In Washington D.C. the lobbying situation was equally chaotic. Congress remained in session nearly all summer, presenting District civil rights groups with an opportunity to convince, cajole, and inform hundreds of important Democrats. At one point three independent teams of lobbyists were scouring the Hill for the FDP, but lack of coordination led to duplication of effort and endless embarrassment. Without leadership from the Party, the activity was clearly futile, and eventually it disintegrated.

In July the Party ceased ignoring its Northern backers and began counseling them to remain silent and inert. Henceforth information about the Party was to come only from Jackson, and lobbyists were instructed to refer curious newsmen and delegates "to the Mississippi office." In view of the number of Northern delegates still to be won over, the directive seemed ludicrously impractical. There were however several good reasons for it.

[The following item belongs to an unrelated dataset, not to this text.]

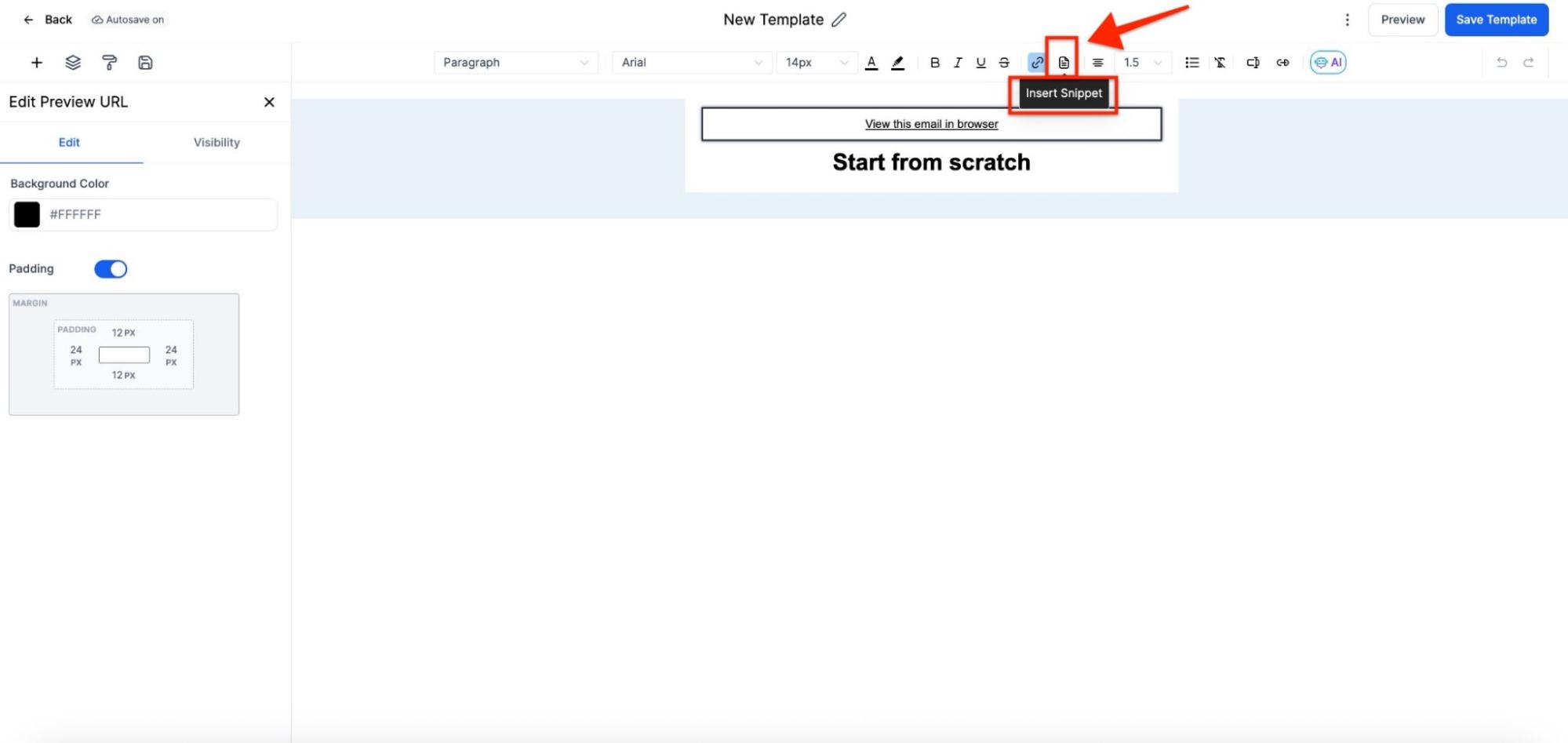 You can insert pre-saved snippets directly into your email templates or campaigns. Open any email editor, click “Insert Snippet,” and choose from your saved snippets. Note that attachments are supported in campaigns but not in templates.

Officially, Party leaders justified the directive by claiming concern that the press was beginning to view the FDP as a civil rights project based in New York or Washington rather than as a political movement indigenous to Mississippi. There were also three unofficial, but more substantial, reasons for the directive.

First, many Northern lobbyists had proven rather imaginative in describing the Party to delegates, at times hinting that the FDP group in Atlantic City would be 50% white. Understandably, the Party wished to squelch such rumors at their source. Second, the Goldwater nomination had impressed FDP leaders with the importance of a Democratic victory in November, and there was acute worry that overzealous lobbying might turn the "Mississippi question" into a wedge between quarelling party factions in key states like New York and California.

More important than these two, however, was a third, less noble, reason for the directive; the suspicious, paranoic, militance which propelled the Party. White allies, including Northern lobbyists, were viewed less as assets than as conspirators waiting to exploit the FDP for selfish ends. The Party seemed to prefer testing its friends to using them constructively.

In June Party leaders laid plans to train the Freedom delegation at the Highlander Folk Center in Nashville just prior to the National Convention. When several sympathetic Northern politicians disapproved, citing the Communist connotations of the Center, a Party official snapped coldly, "So you want us to yield to McCarthyism?"

The Party seemed more interested in ideological and moral purity than in political victory, and it was becoming increasingly clear that racial distrust and bureaucratic pettiness within the Party were making impossible an effective political effort on the national level.